[Your assignment]
The records below are to be reproduced exactly, and no picture should appear in the copy.

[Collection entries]
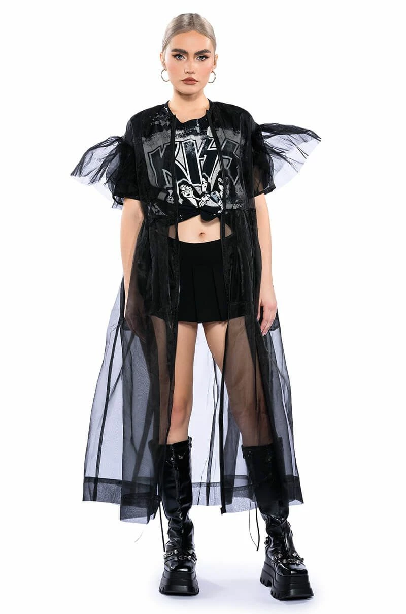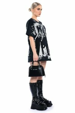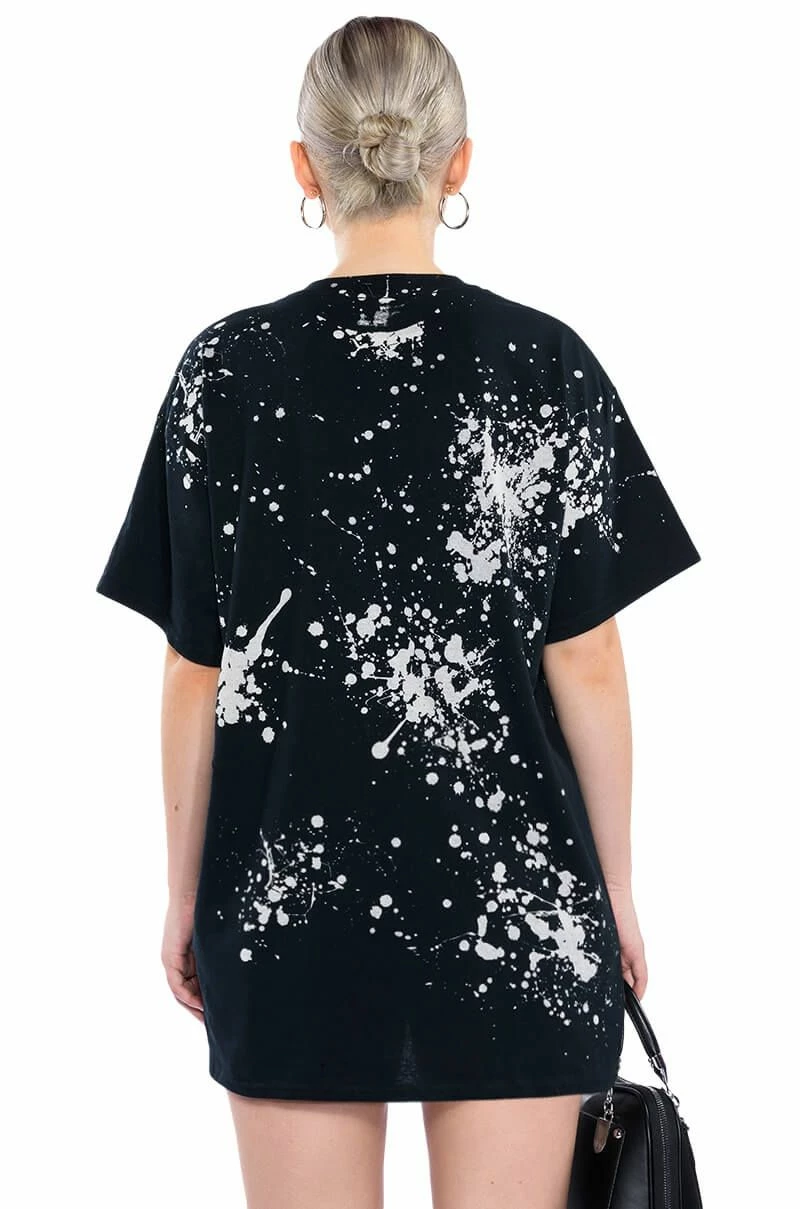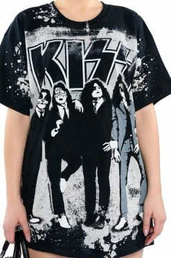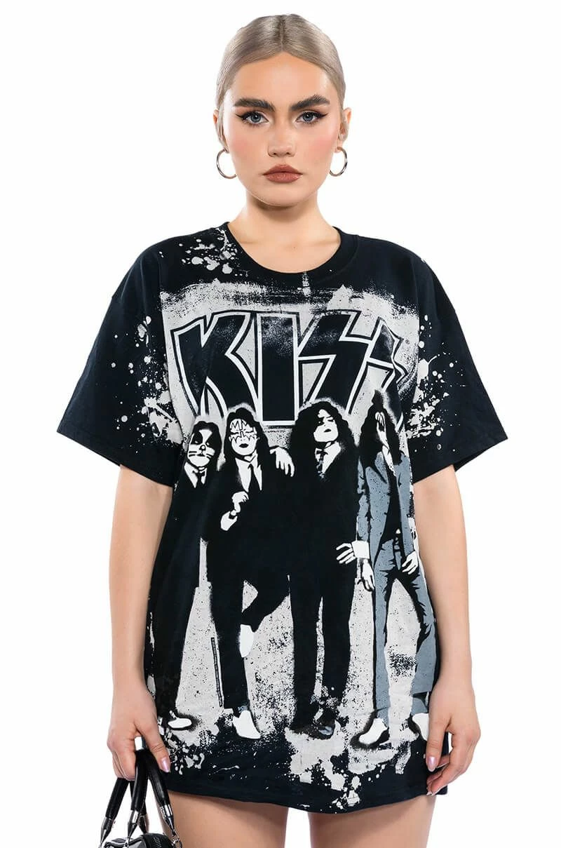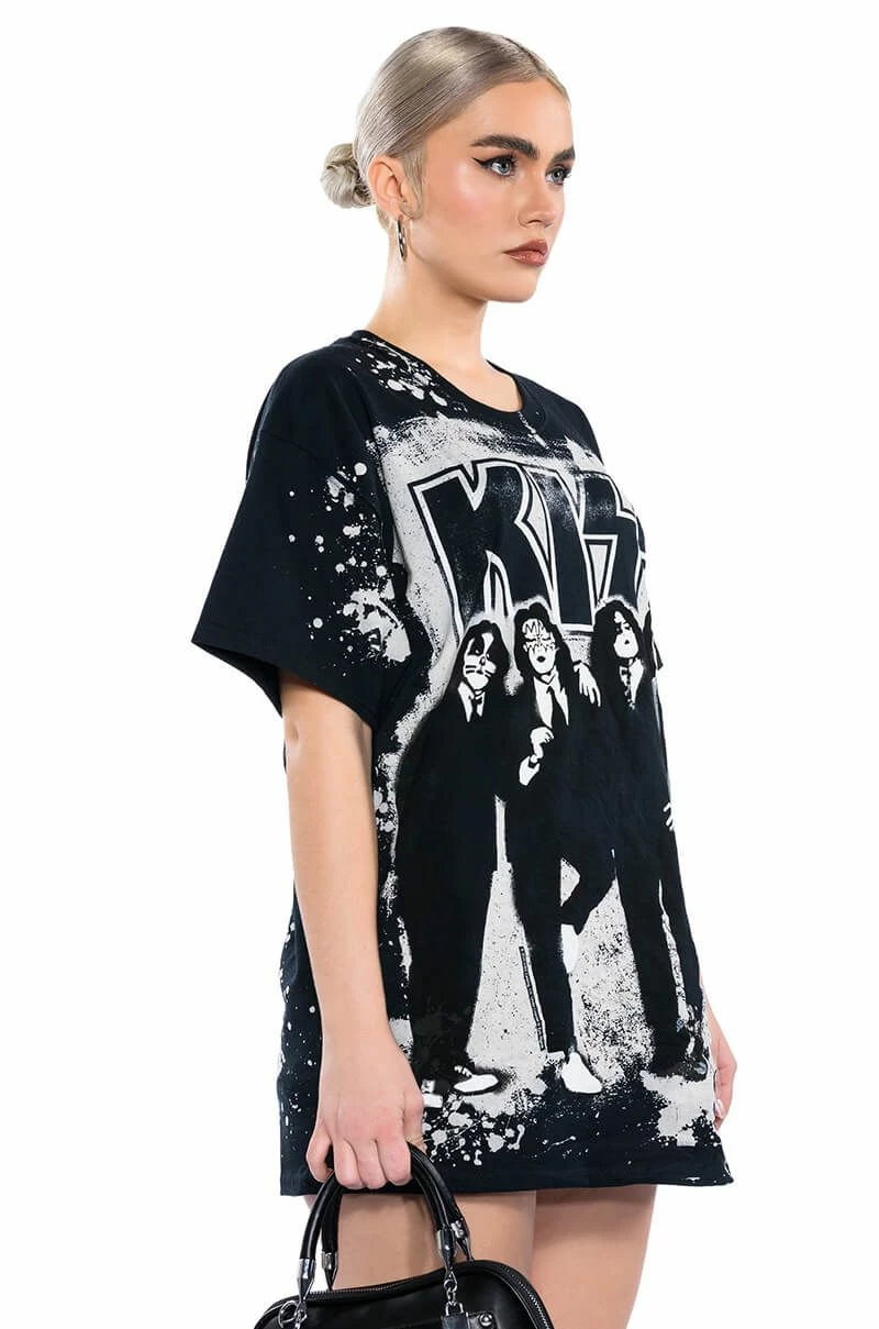 The Kiss Short Sleeve Graphic Band Tee features a crew neckline, short sleeves, and an oversized silhouette. Complete with an allover splatter spray paint print, the band’s name, and an illustration of the band. Pair with distressed relaxed denim jeans and loafers.
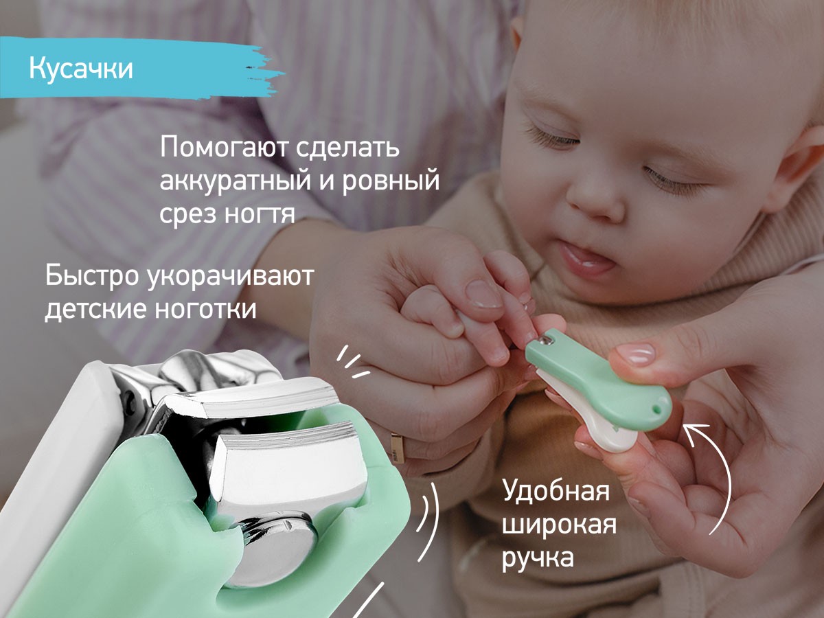 Закругленные ножницы идеально подходят для мягких и маленьких ногтей малышей, мелкозернистая пилочка устранит неровности ногтя после стрижки, кусачки помогут выполнить аккуратный и ровный срез ногтя.
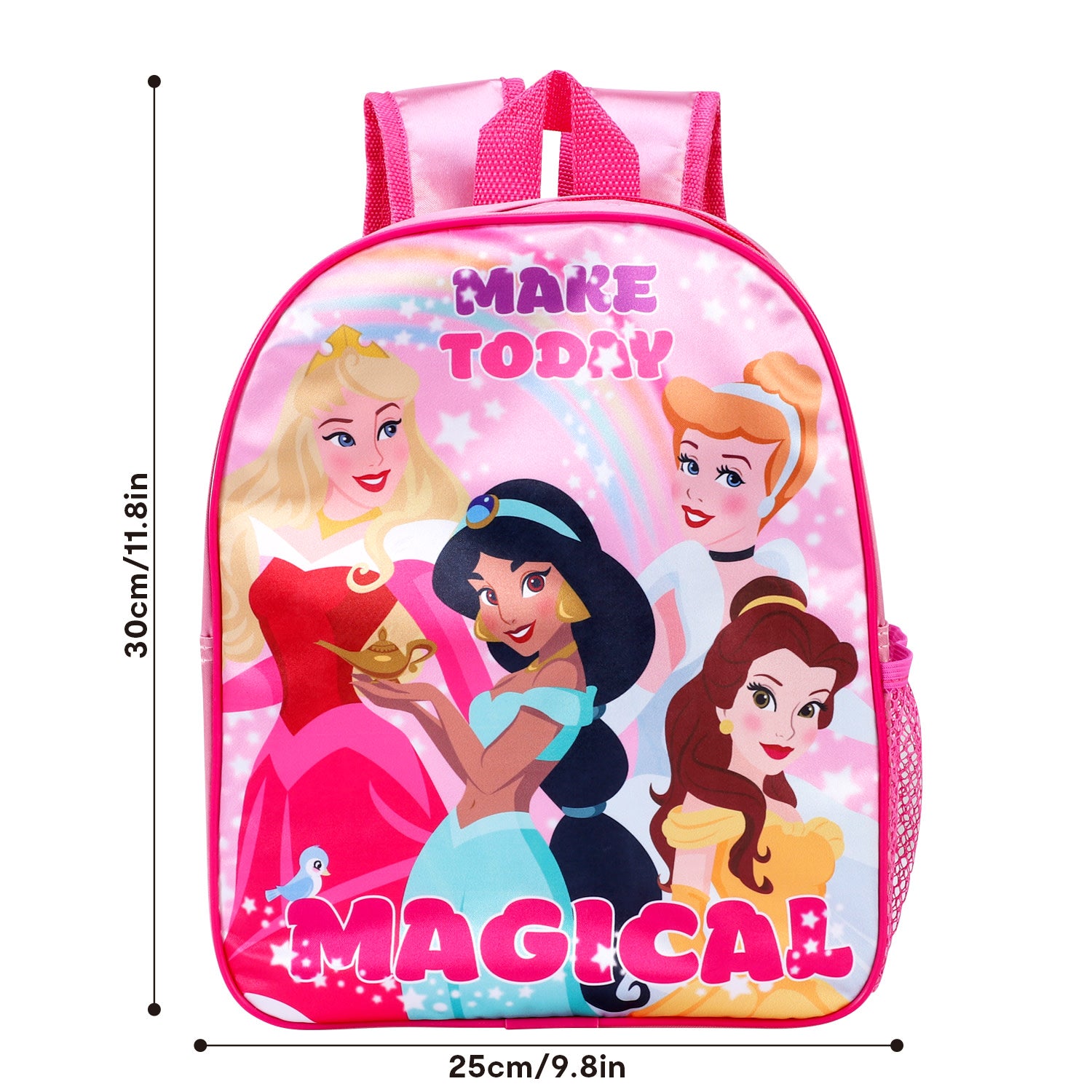 Add some magic to your day with our Disney Princess "Make Today Magic" backpack! Made from satin fabric, it features Rapunzel, Jasmine, Cinderella, and Belle. Feel like a true princess while carrying your essentials. Perfect for any Disney lover.
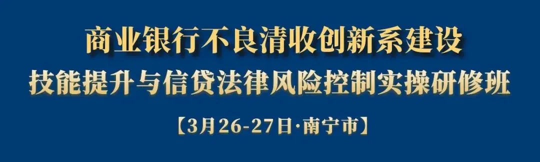 2026年的今天,越来越多的行社认识到,真正实现化险解困,必须标本兼治,要精心谋划顶层设计方案, 做足 2-3 年的统筹部署,搭建不良贷款高质量清收化解长效机制体系,让不良清收产生效益,才有助力银行高质量发展。同时,随着经济全球化和金融市场复杂性的增加,中小银行面临着前所未有的挑战。信贷业务作为银行的核心业务之一,其法律风险的防范和不良贷款的清收成为银行稳健经营的重要一环。为了提高中小银行在信贷领域的法律风险管理能力和不良贷款处置效率,为此佳信联合国内两位顶级的实战专家于2026年3月26-27日(25日报到)在南宁举办“破局不良、控新清旧-商业银行不良清收创新体系建设、技能提升与信贷法律风险控制实操研修班”。本次培训班旨在帮助中小银行深入了解和掌握信贷业务中的法律风险点,提升信贷审批、贷后管理和不良贷款处置的法律合规水平。同时,通过实战案例分析和模拟演练,提高员工在系统清收方面的实战能力,有效突破不良贷款清收的难点。
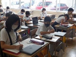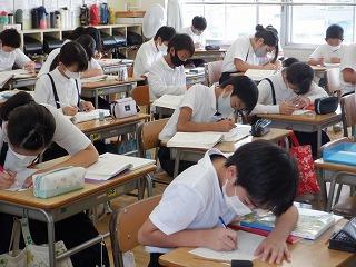 9月22日(木)学校訪問・3限目の様子です。教育委員会の方々に見られている中でも、いつも通りに一生懸命に取り組んでいました。
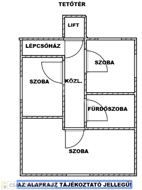 - tetőtér: 3 szoba, fürdőszoba, közlekedő,
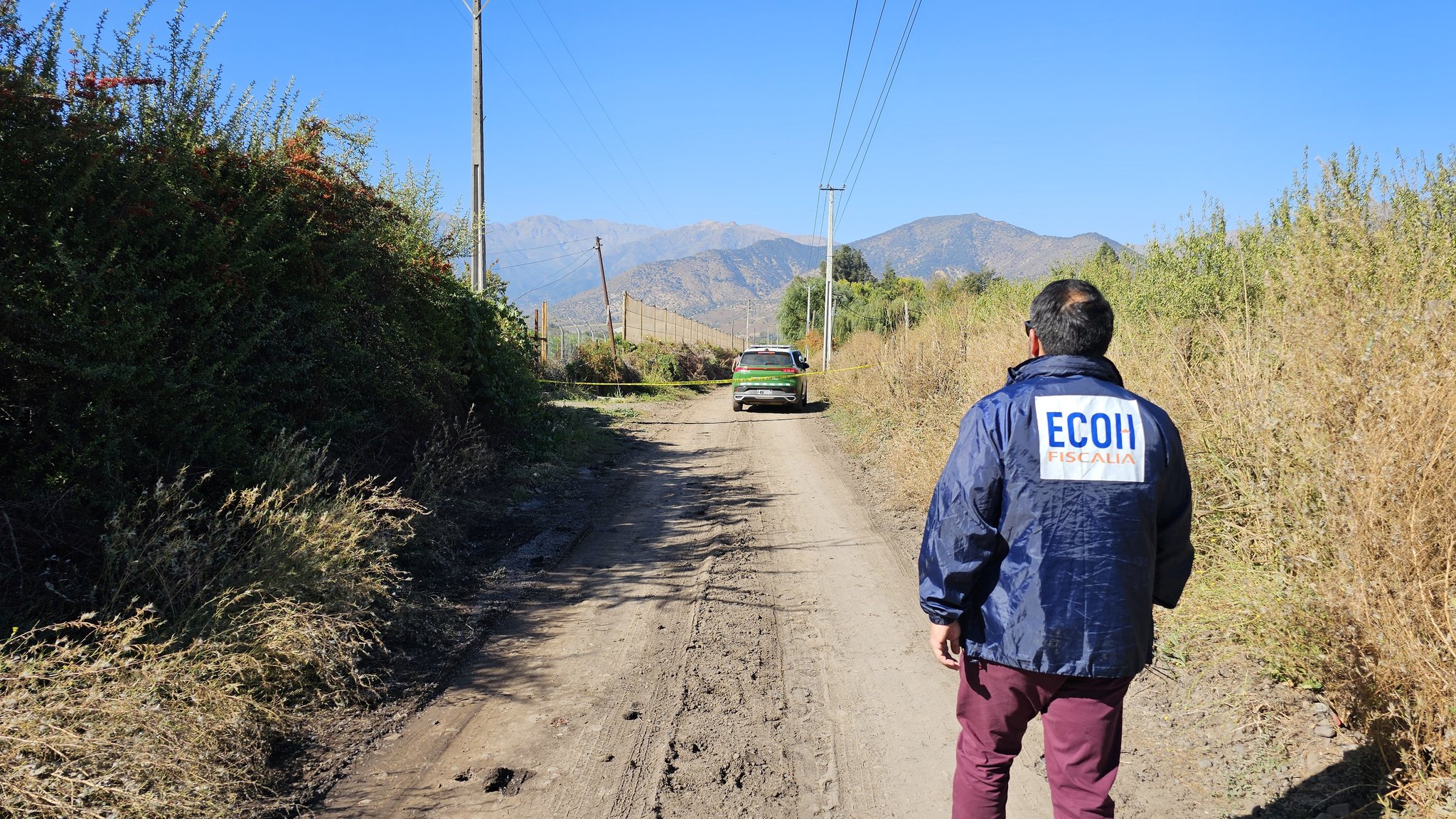 El Ministerio Público indicó que el caso fue denunciado por un vecino que transitaba por ese camino rural: "Fiscalía ECOH junto a Carabineros se trasladó a Paine porque un vecino de un sector rural encontró, junto a un camino, el cuerpo de un hombre envuelto en una frazada con señales de violencia".

[Answer for the task]
 The Kiss Short Sleeve Graphic Band Tee features a crew neckline, short sleeves, and an oversized silhouette. Complete with an allover splatter spray paint print, the band’s name, and an illustration of the band. Pair with distressed relaxed denim jeans and loafers.
 Закругленные ножницы идеально подходят для мягких и маленьких ногтей малышей, мелкозернистая пилочка устранит неровности ногтя после стрижки, кусачки помогут выполнить аккуратный и ровный срез ногтя.
 Add some magic to your day with our Disney Princess "Make Today Magic" backpack! Made from satin fabric, it features Rapunzel, Jasmine, Cinderella, and Belle. Feel like a true princess while carrying your essentials. Perfect for any Disney lover.
 2026年的今天,越来越多的行社认识到,真正实现化险解困,必须标本兼治,要精心谋划顶层设计方案, 做足 2-3 年的统筹部署,搭建不良贷款高质量清收化解长效机制体系,让不良清收产生效益,才有助力银行高质量发展。同时,随着经济全球化和金融市场复杂性的增加,中小银行面临着前所未有的挑战。信贷业务作为银行的核心业务之一,其法律风险的防范和不良贷款的清收成为银行稳健经营的重要一环。为了提高中小银行在信贷领域的法律风险管理能力和不良贷款处置效率,为此佳信联合国内两位顶级的实战专家于2026年3月26-27日(25日报到)在南宁举办“破局不良、控新清旧-商业银行不良清收创新体系建设、技能提升与信贷法律风险控制实操研修班”。本次培训班旨在帮助中小银行深入了解和掌握信贷业务中的法律风险点,提升信贷审批、贷后管理和不良贷款处置的法律合规水平。同时,通过实战案例分析和模拟演练,提高员工在系统清收方面的实战能力,有效突破不良贷款清收的难点。
 9月22日(木)学校訪問・3限目の様子です。教育委員会の方々に見られている中でも、いつも通りに一生懸命に取り組んでいました。
 - tetőtér: 3 szoba, fürdőszoba, közlekedő,
 El Ministerio Público indicó que el caso fue denunciado por un vecino que transitaba por ese camino rural: "Fiscalía ECOH junto a Carabineros se trasladó a Paine porque un vecino de un sector rural encontró, junto a un camino, el cuerpo de un hombre envuelto en una frazada con señales de violencia".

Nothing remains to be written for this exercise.